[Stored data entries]
□ □ □ □ □

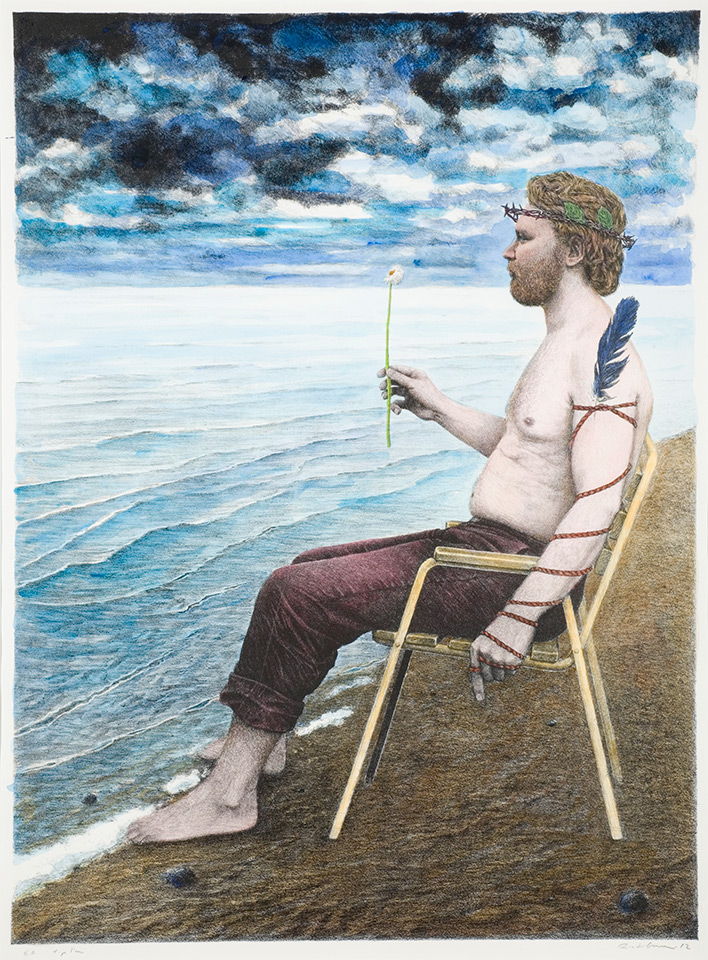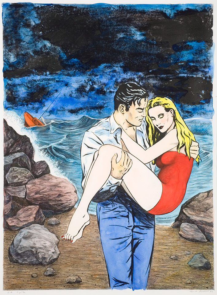 Risto Suomi: Köyhän miehen Odysseia III. 1982. Grafiikka, litografia, väri. 80 x 60 cm. Lapin yliopisto, Rovaniemi; ravintola Felli, peräseinä.
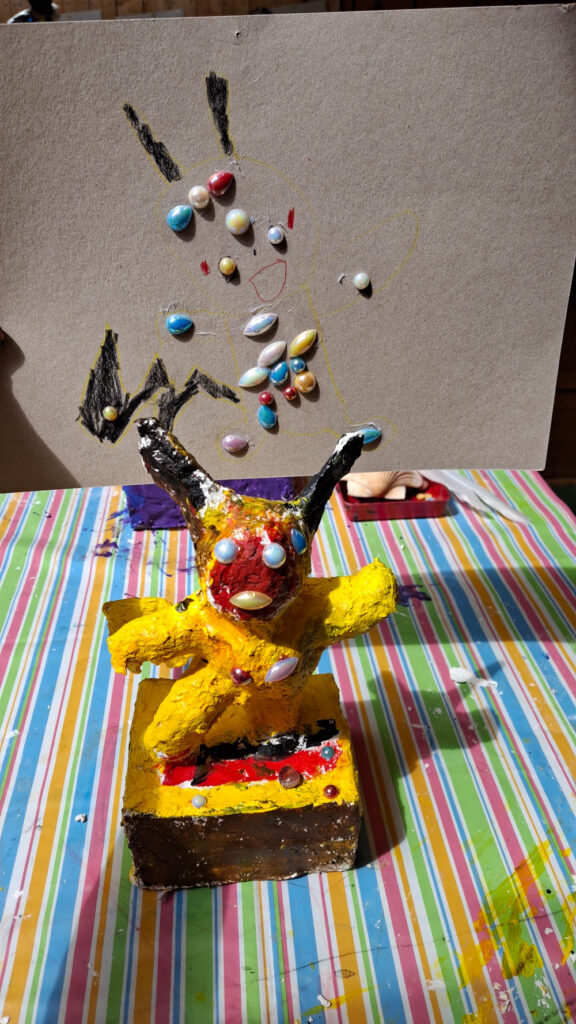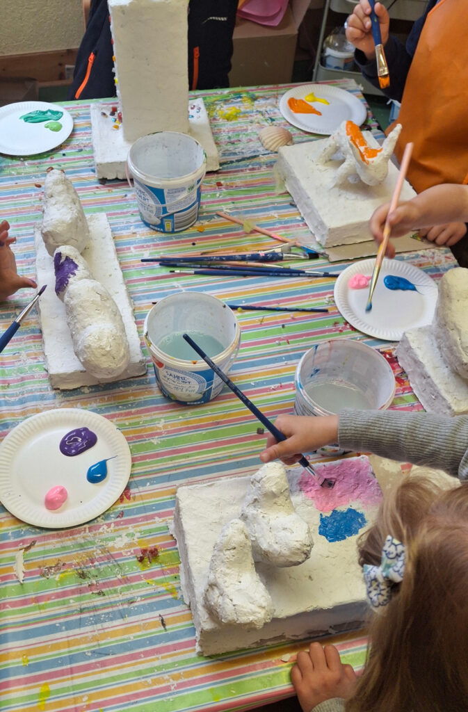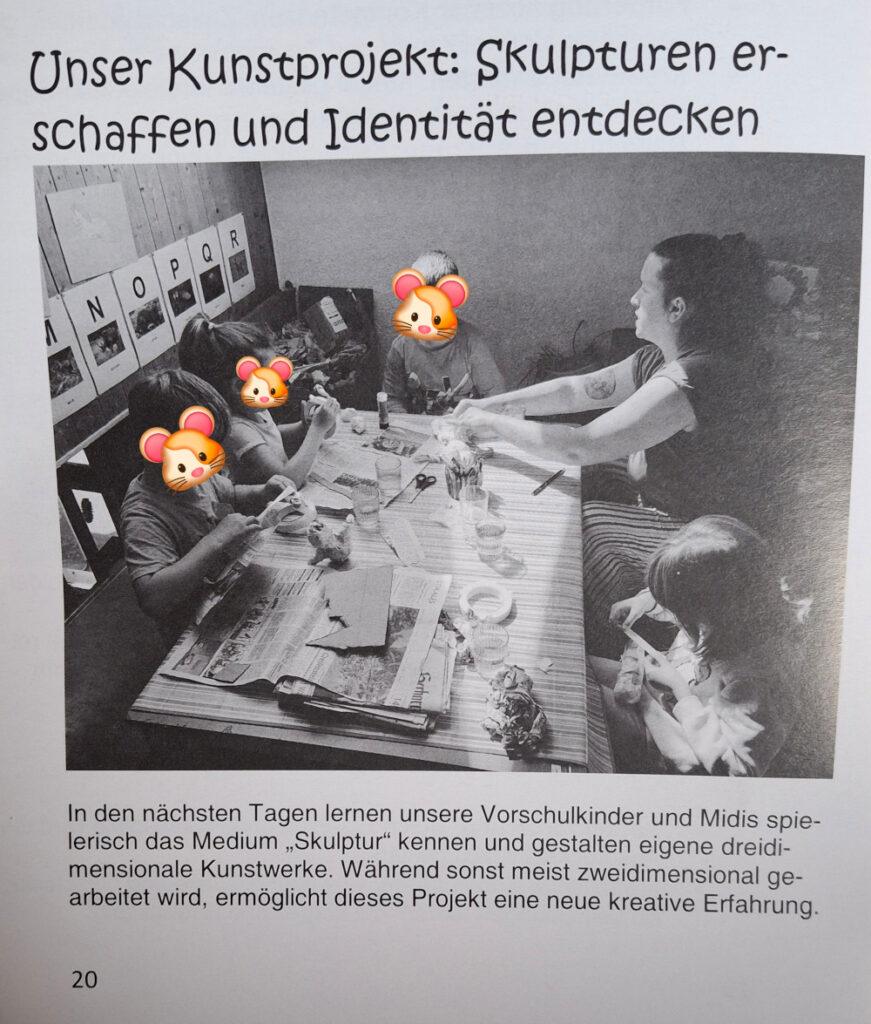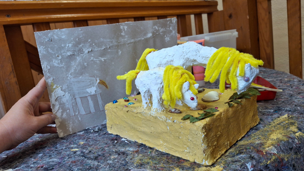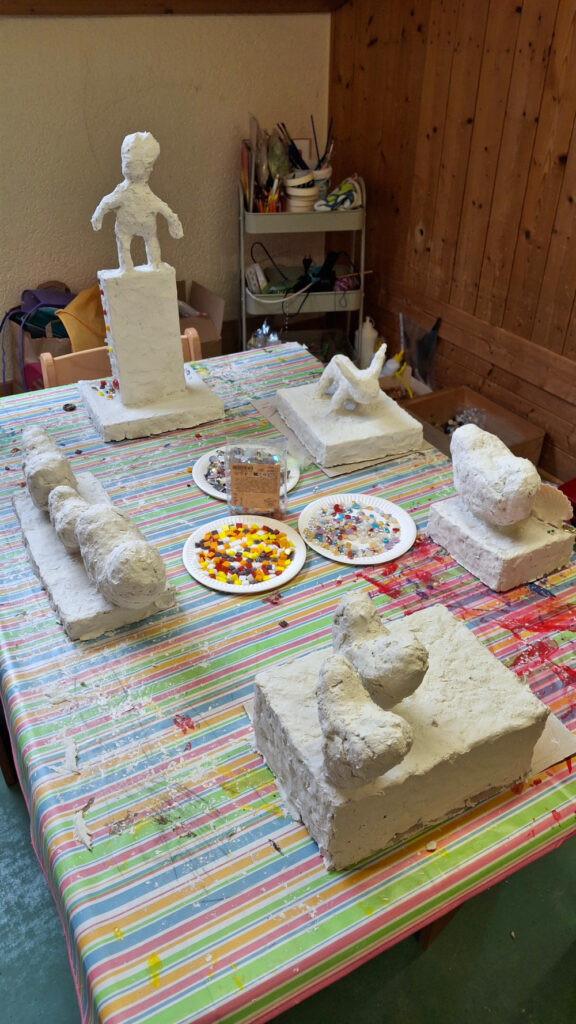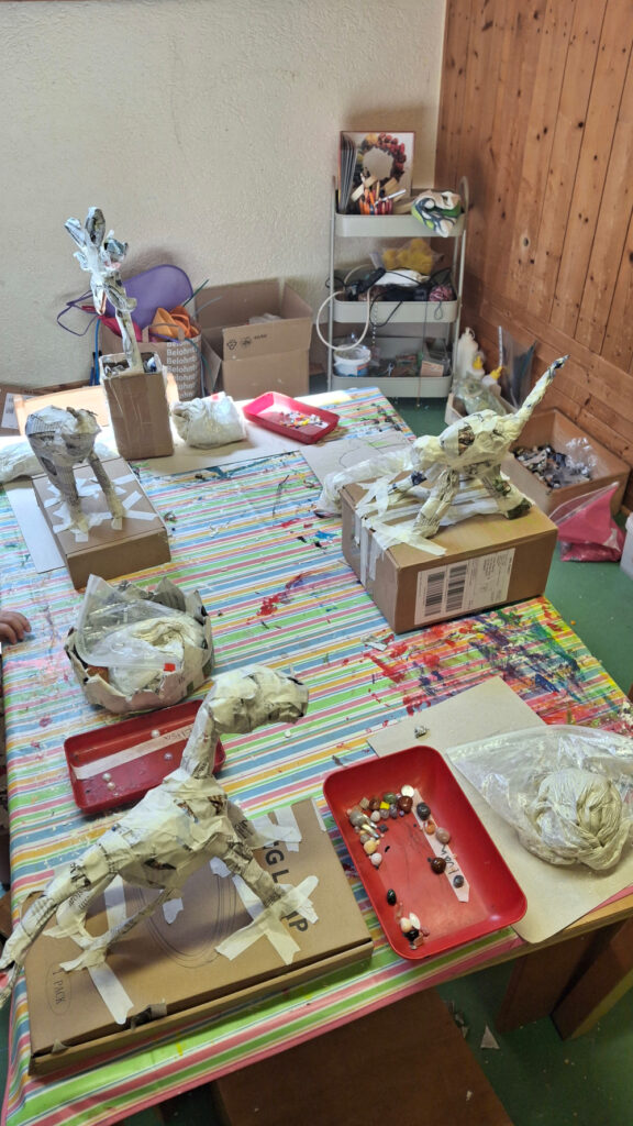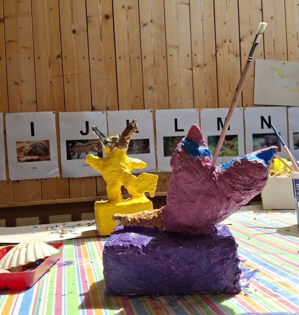 ein anspruchsvolles Kunstprojekt für Vorschulkinder. Die Kinder entwerfen skizzenhaft Ideen für ihre phantasievollen Plastiken. Diese werden dann zunächst grob aus Papier, Pappe, Draht und Klebeband vorgeformt und in einem zweiten Arbeitsschritt mit Plastiform (einer Masse aus Holzmehl, Leim und Wasser) überzogen. nach dem Trockenprozess sind die Plastiken in etwa so hart wie solides Holz und können bemalt, beklebt und lackiert werden. Es sind viele kreative Kunstwerke entstanden und die Kinder gingen mit gestärktem Selbstbewusstsein aus dem Projekt!
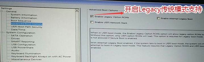 3、切換到Advanced Boot Options將右邊的Enable legacy option roms選項(xiàng)打勾,如下圖所示;
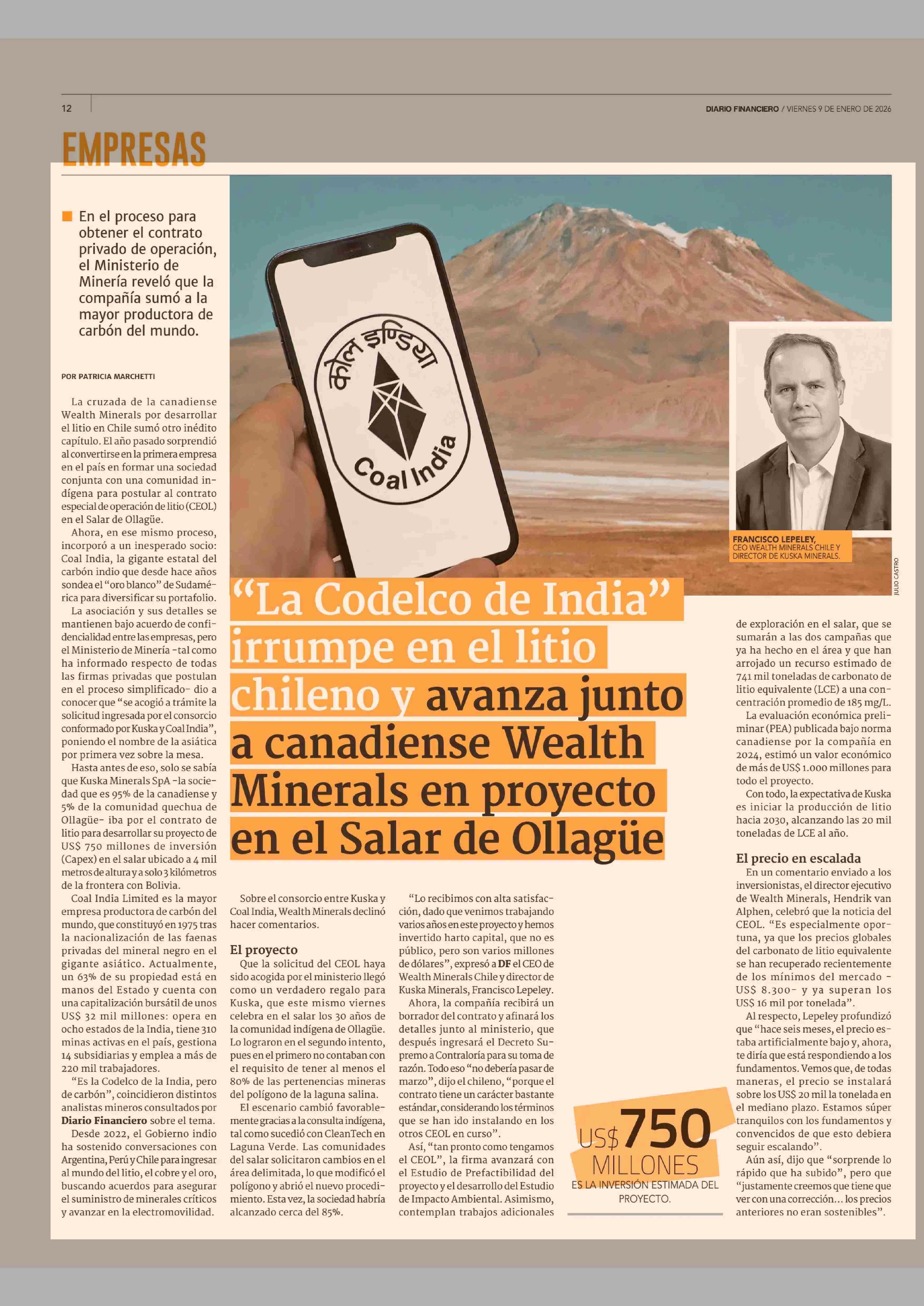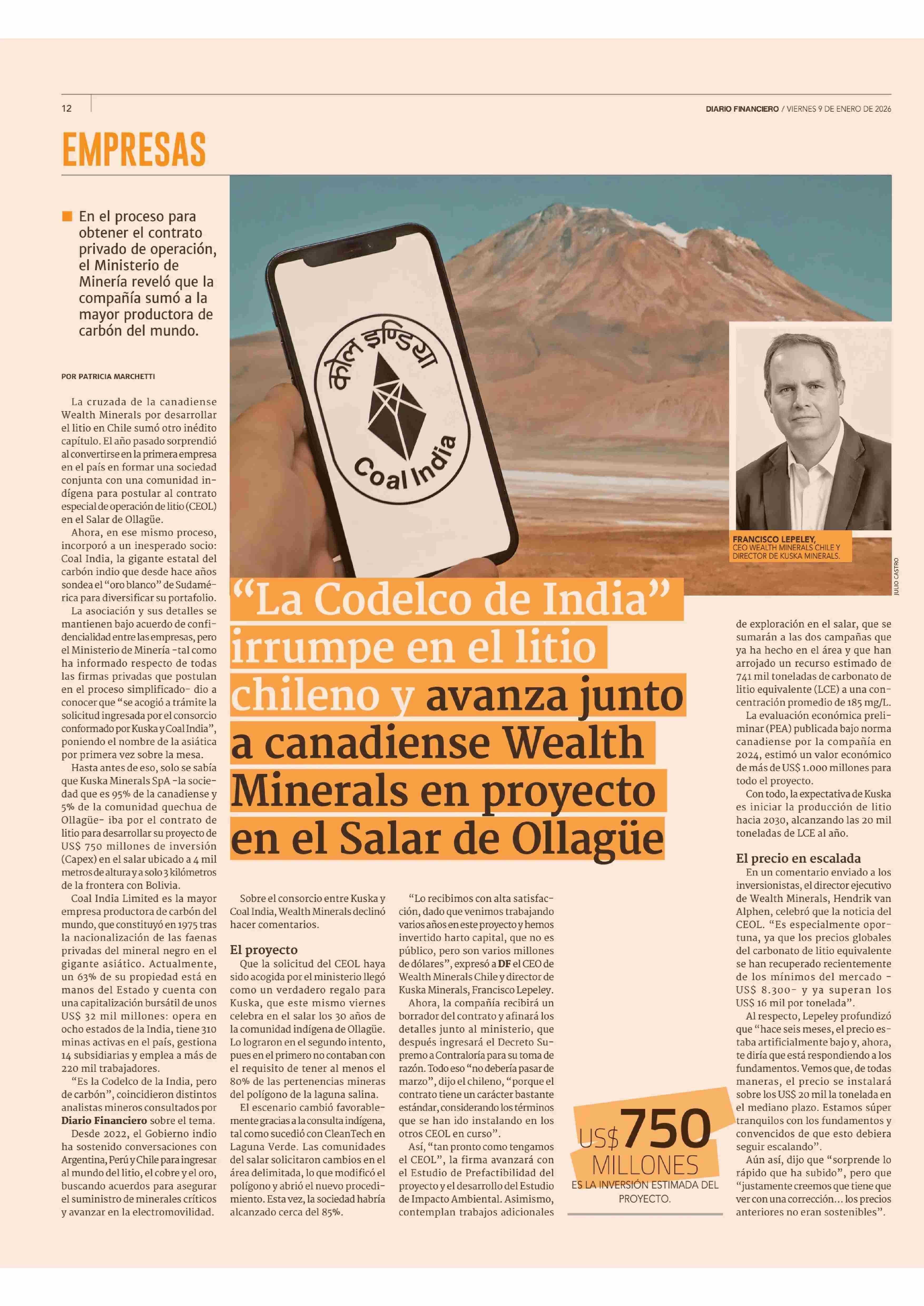 "La Codelco de India" irrumpe en el litio chileno y avanza junto a canadiense Wealth Minerals en proyecto en el Salar de Ollagüe 09-01-2026 Diario Financiero |
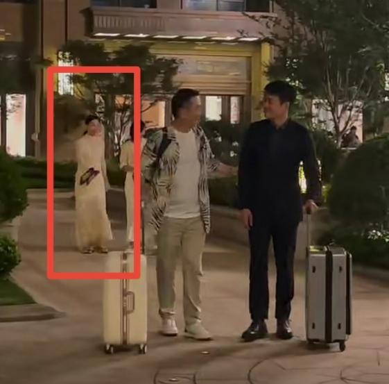 白百何脚踩人字拖,很随意地走在后面,没有一点偶像包袱,很接地气,但人字拖也显得她的脚有些胖了。
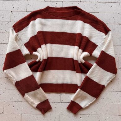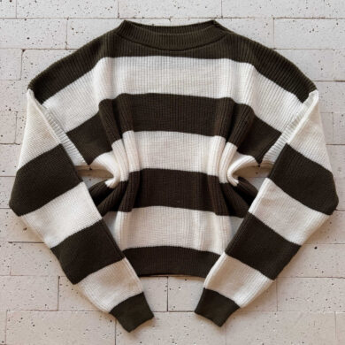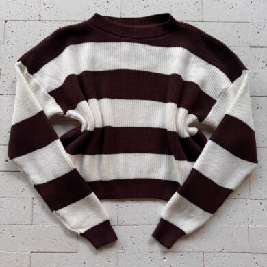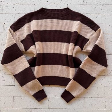 CROPPED TRICO ALONGADO MANGA LONGA LISTRADO CAFÉ E BEGE

□ □ □ □ □

- **TASK DETAILS**
For each entry above, write it out again exactly but leave out any picture.

- **COMPLETED EXERCISE**
 Risto Suomi: Köyhän miehen Odysseia III. 1982. Grafiikka, litografia, väri. 80 x 60 cm. Lapin yliopisto, Rovaniemi; ravintola Felli, peräseinä.
 ein anspruchsvolles Kunstprojekt für Vorschulkinder. Die Kinder entwerfen skizzenhaft Ideen für ihre phantasievollen Plastiken. Diese werden dann zunächst grob aus Papier, Pappe, Draht und Klebeband vorgeformt und in einem zweiten Arbeitsschritt mit Plastiform (einer Masse aus Holzmehl, Leim und Wasser) überzogen. nach dem Trockenprozess sind die Plastiken in etwa so hart wie solides Holz und können bemalt, beklebt und lackiert werden. Es sind viele kreative Kunstwerke entstanden und die Kinder gingen mit gestärktem Selbstbewusstsein aus dem Projekt!
 3、切換到Advanced Boot Options將右邊的Enable legacy option roms選項(xiàng)打勾,如下圖所示;
 "La Codelco de India" irrumpe en el litio chileno y avanza junto a canadiense Wealth Minerals en proyecto en el Salar de Ollagüe 09-01-2026 Diario Financiero |
 白百何脚踩人字拖,很随意地走在后面,没有一点偶像包袱,很接地气,但人字拖也显得她的脚有些胖了。
 CROPPED TRICO ALONGADO MANGA LONGA LISTRADO CAFÉ E BEGE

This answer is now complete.